Manual vs Automatic Boundaries • AMJ, English Only • About a 20% degradation for using Automatic Boundaries.
Stemming vs no Stemming • AMJ, English only, Manual Boundaries. • Stemming may make the graph a little less noisy, but...
Manual vs Automatic, Stemmed vs No-Stemmed • AMJ, English, Stem and No-Stem, Manual and Automatic Boundaries. • Stemming may help for manual boundaries, but appears a little worse for Automatic Boundaries.
1999 System vs 2000 Systems • AMJ, English only. 1999 system (TFKLB Backoff); 2000 systems Dragon 1 = TFKLB Interpolated, mixed 15% with targeted Background; Dragon2 = TFKLB Interpolated). • Dragon1, Dragon2 both better than 1999 System. Dragon1 is flatter than Dragon2, but not necessarily better.
2000 Results, Dragon2 System, Manual Boundaries, Interpolated. • Suffer a performance loss on English Detection by including Mandarin documents. • Performance on Newswire and BN seems comparable. • Reporting results on subsets doesn’t make much sense for Detection, especially language specific subsets. (For Tracking without adaptation, this should not be an issue.)

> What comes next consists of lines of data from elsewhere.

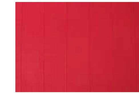
Rojo / Red NCS S2070-R
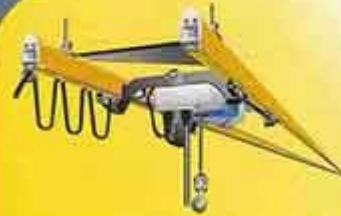
ریل KBK بصورت تک محور
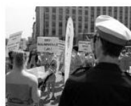
GALLERY abroad & overseas – Demo in Wien: Lieber nackt als... June 20, 2013
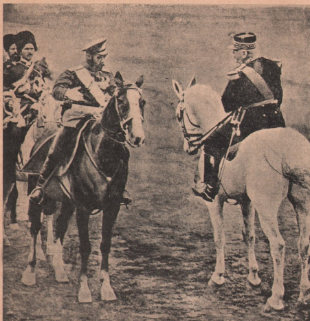
Comandanții supremi ai celor două armate aliate, rusă și franceză: Țarul Nicolae la stânga și generalul francez Joffre, generalissimul armatei franceze de operațiuni.
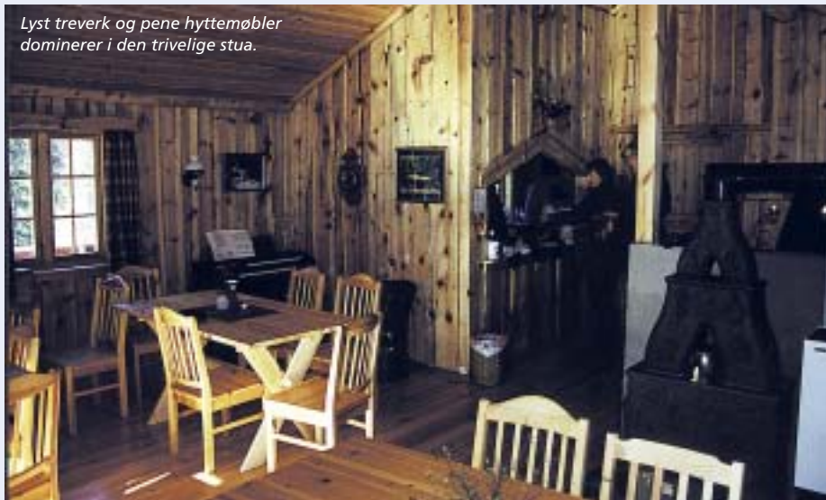
Lyst treverk og pene hyttemøbler dominerer i den trivelige stua.

– Vi har merket et stadig økende besøkstall, og her kommer både gamle og unge, sier han, og forteller at det på en god søndag kan komme omkring 100 mennesker innom stua. Regnværsdager med kun et par besøkende er ikke så oppløftende for dugnadsgjengen som driver serveringen, men folk skal vite at hytta er åpen hver
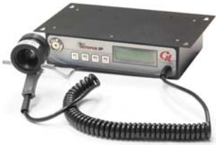
Boîtier robuste, façade intégrée
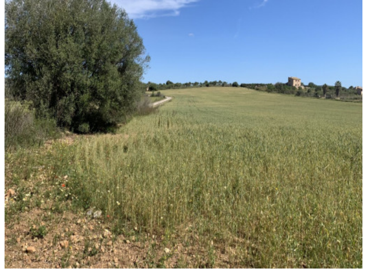
Terreno con proyecto
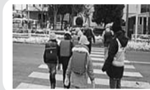
登下校や社会科見学・遠足などの見守り支援
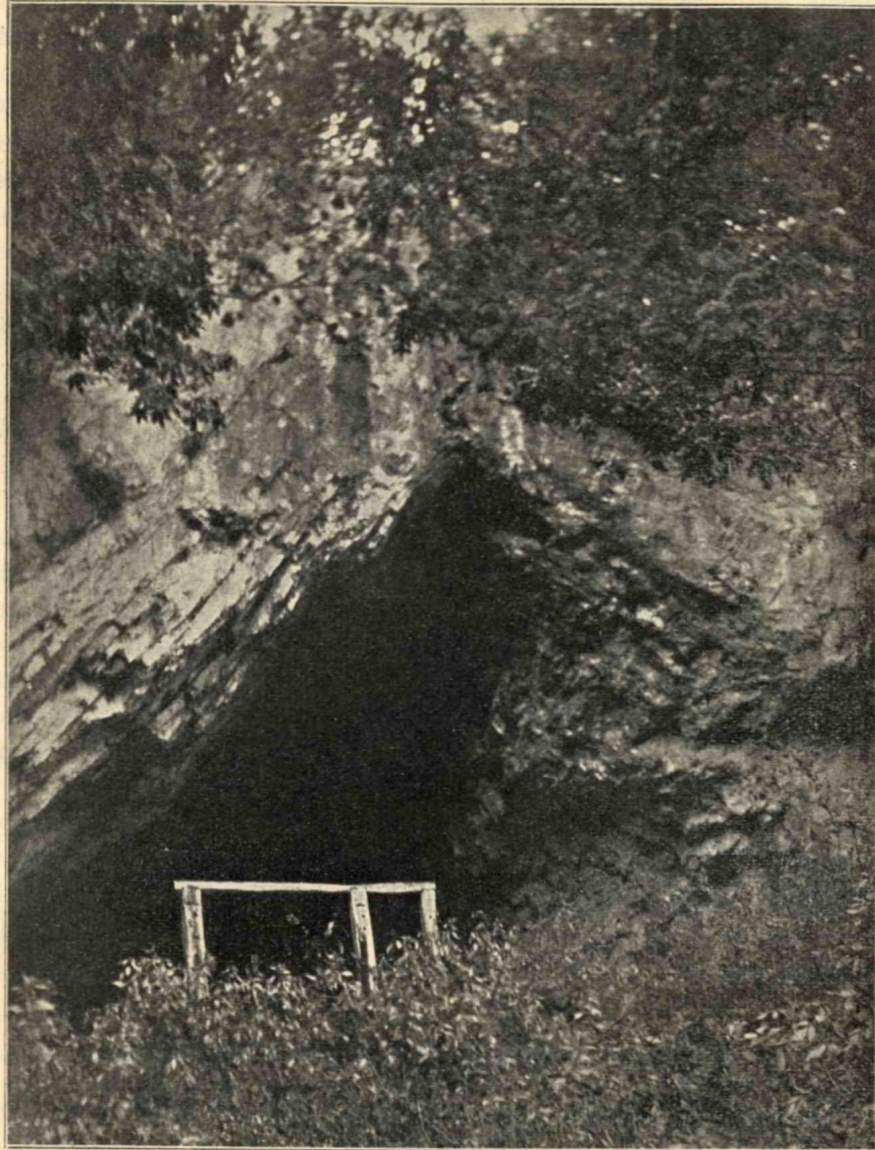
2. ábra. Az Istállóskői barlang bejárata.
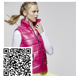
MONTANA WOMAN RA5084
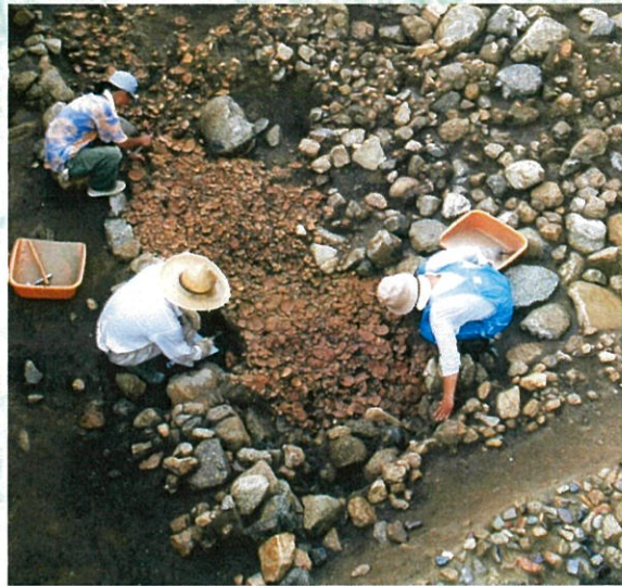
祇園遺跡第2次調査 園池から出土した大量のかわらけ

23% 19% -10%!! 56% 21% -25% 2000 Evaluation Numbers • Performance is better on Mandarin with Automatic boundaries than Manual boundaries. I don’t actually believe that this should be the case! • About 20% reduction in performance due to using Automatic boundaries
Why so non-continuous? • One cluster can split into two clusters, or can lose half its documents. • Small change in the number of correct leads to a big change in the score. The de-emphasis in the evaluation measure on False Alarms means the smaller “purer” cluster is regarded as being 9 times worse then the other cluster.
YDZ Metric? • YDZ seems conceptually a reasonable way of measuring goodness of fit.
However... • In practice however, it seems to have two problems: • No minimum value. In fact, it appears to be linear across a wide range of number of clusters. Even for choices of CMiss where it is not linear, the metric is not particularly discriminatory. (Assuming of course, that our system is producing outputs that do in fact have some difference.) • Sign of linear coefficient of depends on size of CMiss. Same issue as with CDet - what is a realistic use of the technology, and how to measure performance on that task. • Or one can just not spend time tuning for an evaluation -- just concentrate on improving the algorithm and lower the whole graph.
Miss-False Alarms on a DET plot, with Level Curves of CDet • AMJ, English only, Manual Boundaries. • The number of generated clusters varies from 16 (at the far right) to 4640 (at the far left) with the level curve intersections corresponding to 633 and 2204 clusters.
Why so little change in CDet? • When sweeping over a wide range of thresholds, with the number of clusters changing by a factor of more than 10, why is there so little change in the value of Cdet? • Find it hard to believe that 200 clusters are as equally useful as 2600 clusters. • Is it our (Dragon’s) distance measure? Is this phenomenon just restricted to one site or is it across all sites? • Discontinuities lead to wondering whether reported score differences are actually significant?
Overall Conclusions • Interpolation is better than backoff as a smoothing method. • Mixing targeted data is one approach to bringing in outside information, and it helped to smooth out performance but not to improve it. • Stemming may also smooth out performance without providing any overall gain. • Questions about CDet metric still remain. • Breakout of scores by subset do not make much sense for Detection.